As a novelty, textures are also provided in a custom raw-data format now. This has the advantage that there are no rounding errors when storing textures with more than \(2^{16}\) different values. For 4D textures this is the only available format. A detailed description of this format is provided as part of the download. The database provides 3D blue noise textures with resolution 16³, 32³ and 64³ as well as 4D blue noise textures with resolution \(8^4\) and \(16^4\).

## Conclusions

If 2D blue noise is what you want, then 2D blue noise is what you should use. Using 3D blue noise really only makes sense, if you explicitly blur along the third dimension. This precludes many tempting screen-space applications such as dithering and jittering. Still, there are challenges that call for 3D or even 4D blue noise. If you ever face them, the required blue noise textures are at your fingertips now.

## References

**Ulichney93**] R. A. Ulichney (1993). Void-and-cluster method for dither array generation. Proc. SPIE 1913, Human Vision, Visual Processing, and Digital Display IV.

Official version | Author’s version

Great analysis, thanks!

Someone should check my handwaving, but I think you can get this result very quickly with the Fourier slice theorem.(https://en.wikipedia.org/wiki/Projection-slice_theorem)

Basically, projecting-then-fourier is equivalent to fourier-then-slicing. There is kind of a duality there, like convolution-then-fourier is equivalent to fourier-then-multiplication.

So what is the fourier transform of a 2-D slice of a volumetric blue noise texture? I believe the above tells you that it is the projection of the fourier transform of the volume (a solid with a ball bunched out), which is not going to be what you want (a plane with a disc punched out). Parts outside the sphere are going to land in the disc.

Hi Won,

you are absolutely right, the Fourier slice theorem is equivalent to what I proved here. I never knew the statement under this name but it’s handy. Nonetheless, it’s nice to give the proof, especially if it’s just three steps plus the definition of the Fourier transform.

You are also right about the structure of the Fourier transform of the 2D slice. What you get is the sum of the slices in Figure 2 and that amounts to Figure 5.

If you want to link me, I’m @won3d on twitter

Done.

Wouldn’t a similar issue come up with 1D slices of a 2D blue noise texture? (I’ve been playing with your 2D noise textures, and misusing them in all kinds of horrible ways. Lots of nice artifacts have come up in the process, and it seems a subset of them could be explained this way.)

Anyway, thanks for the analysis, this is great stuff!

Yes, absolutely.
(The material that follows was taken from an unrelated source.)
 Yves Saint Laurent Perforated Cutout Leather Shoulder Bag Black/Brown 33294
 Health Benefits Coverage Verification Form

If you sum over the rows of the 2D Fourier transform shown in Figure 6, you get the 1D Fourier transform of a 1D column from the blue noise texture. The blue noise properties will be fairly poor, low frequency components would be only slightly weaker than higher frequencies.

If you want, you can use my code to generate 1D blue noise that actually has good blue noise properties. Just pass (1024,) as OutputShape where 1024 may be replaced by any other number of samples.
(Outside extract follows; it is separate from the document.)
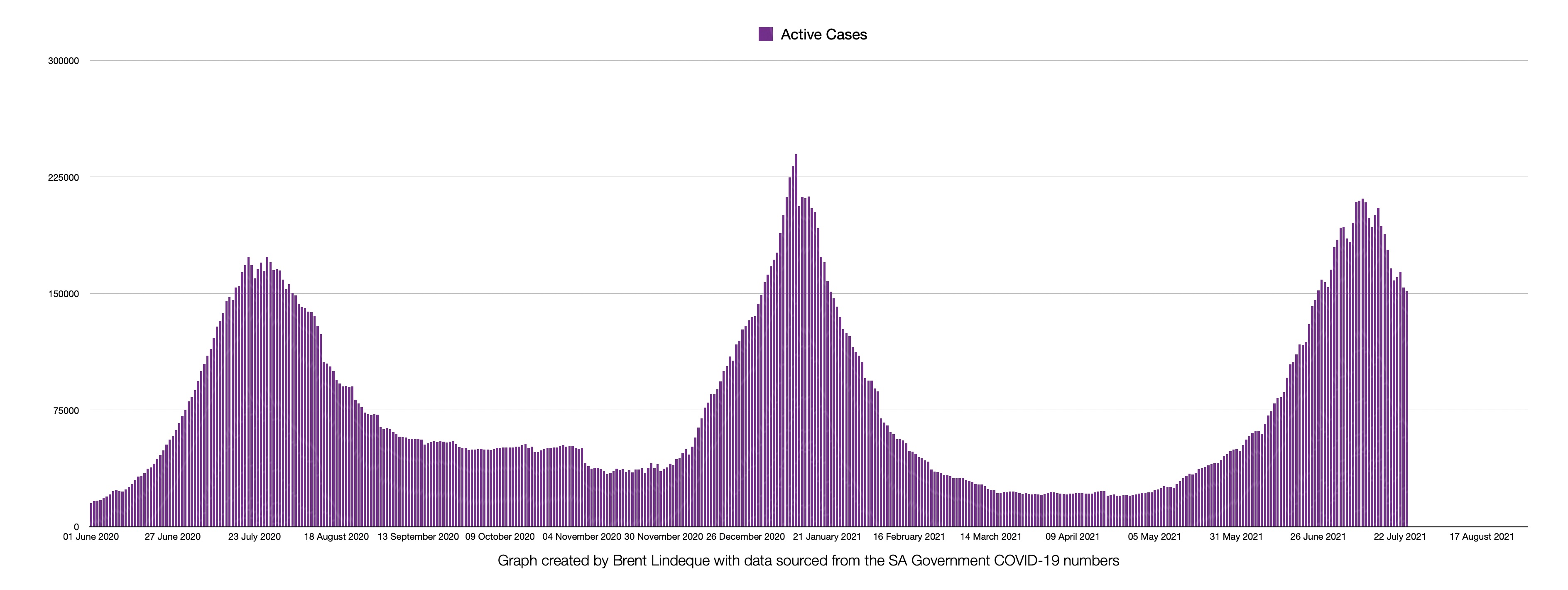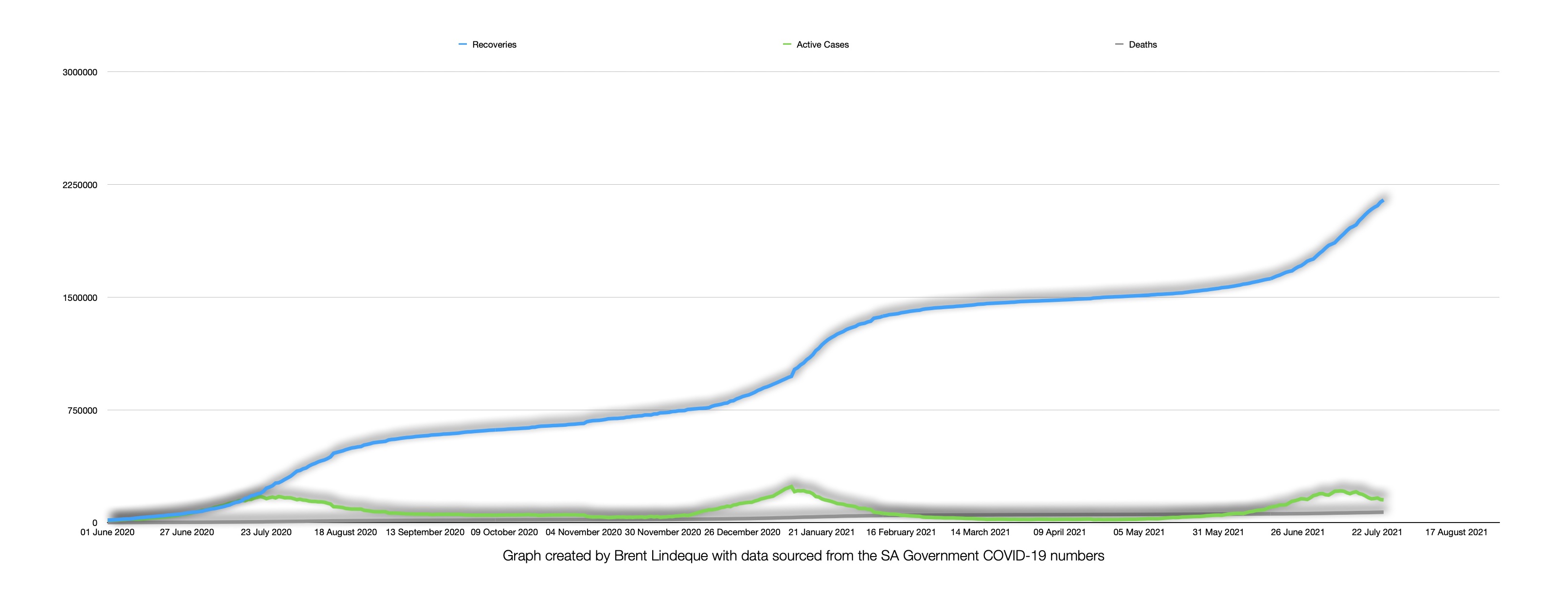 We have developed a series of graphs to try to show the current COVID-19 climate in South Africa.
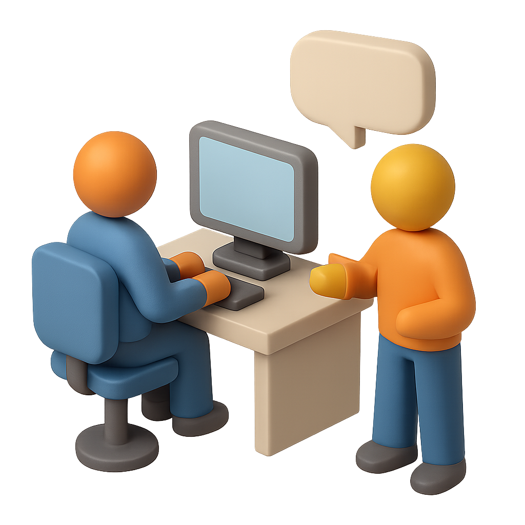 /Collection: /by davooda/Type: PNG/A stylized 3D icon depicting two figures engaged in conversation. One person is seated at a computer, while the other stands nearby, gesturing. The design features a transparent background and an isometric view.

Fantastic, that works beautifully!

For the RGBA examples you created, were those 3D textures 4 pixels deep? Or is each channel a separate 2D texture with a different random seed?
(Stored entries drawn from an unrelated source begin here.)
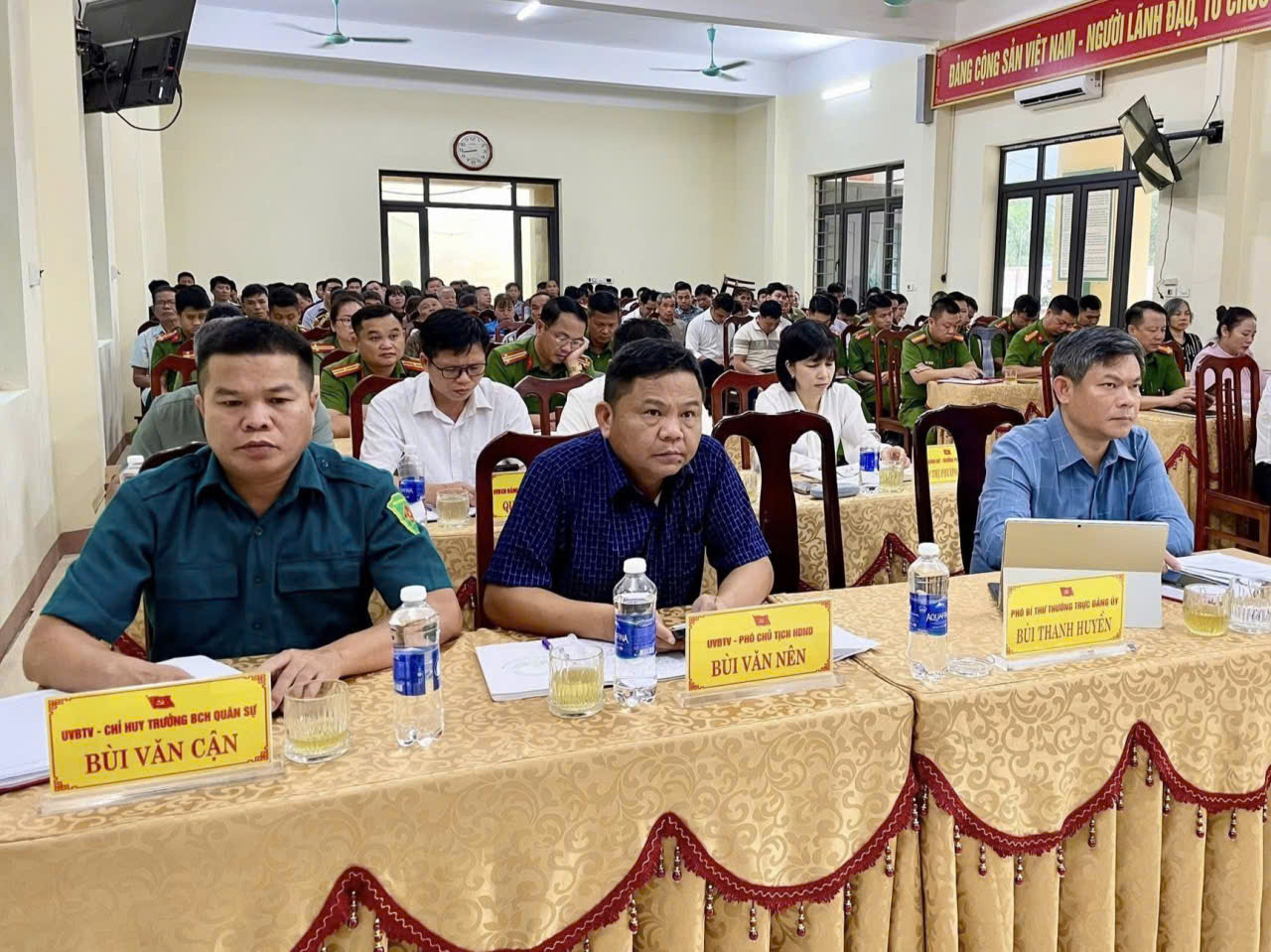 Tham dự Hội nghị có các đồng chí lãnh đạo Đảng ủy, HĐND, UBND, Ủy ban MTTQ Việt Nam xã; trưởng các ban, ngành, đoàn thể, đơn vị, trường học; bí thư chi bộ, trưởng xóm, trưởng Ban công tác mặt trận khu dân cư và tổ trưởng tổ ANTT các xóm.
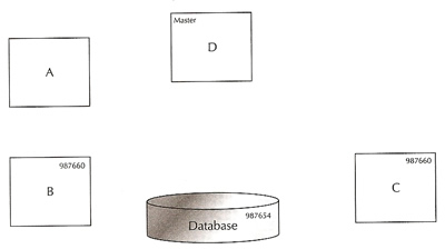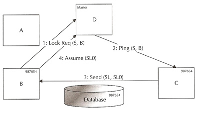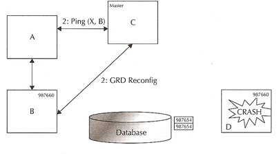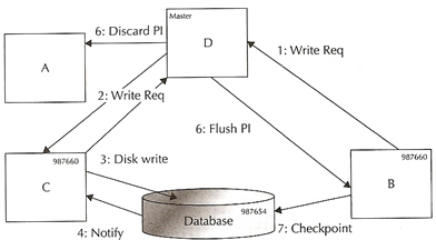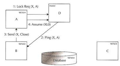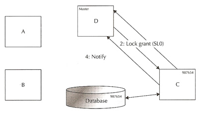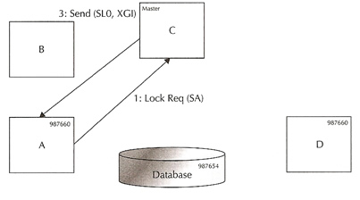 Carrying on from the above example, instance A wants to modify the same block that is already cached in instance B and C (block 987654)
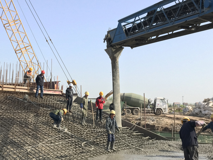 公司承建的腰口泵站到了泵站建设最关键时期 —— 出水流道浇筑,亦是项目部整体实力的体现。当晚,在项目部经理班子带领下,包括内业人员、实习员工在内的全体员工在早已分配好的岗位上就位,有的在流道模板内监测模板情况,有的在仓面指挥调度,有的在实验室做试块,有的则24小时监测模板位移情况,还有的负责后勤保障等。项目部全体员工保持大禹铁军善于克难的优良作风,实行两班倒策略,整整80个小时人停机不停奋战在工作岗位上。

Neat. If you get the chance, you should store it into a *.wav file to get a feeling for the true meaning of high-frequent noise 😉 .

The RGBA textures are just four independently computed noise textures in one file. In nearly all scenarios this should be what you want. Even with a small number of slices the problem described above becomes relevant. It is only slightly weaker because with few samples you miss most of the exterior of the spherical center region.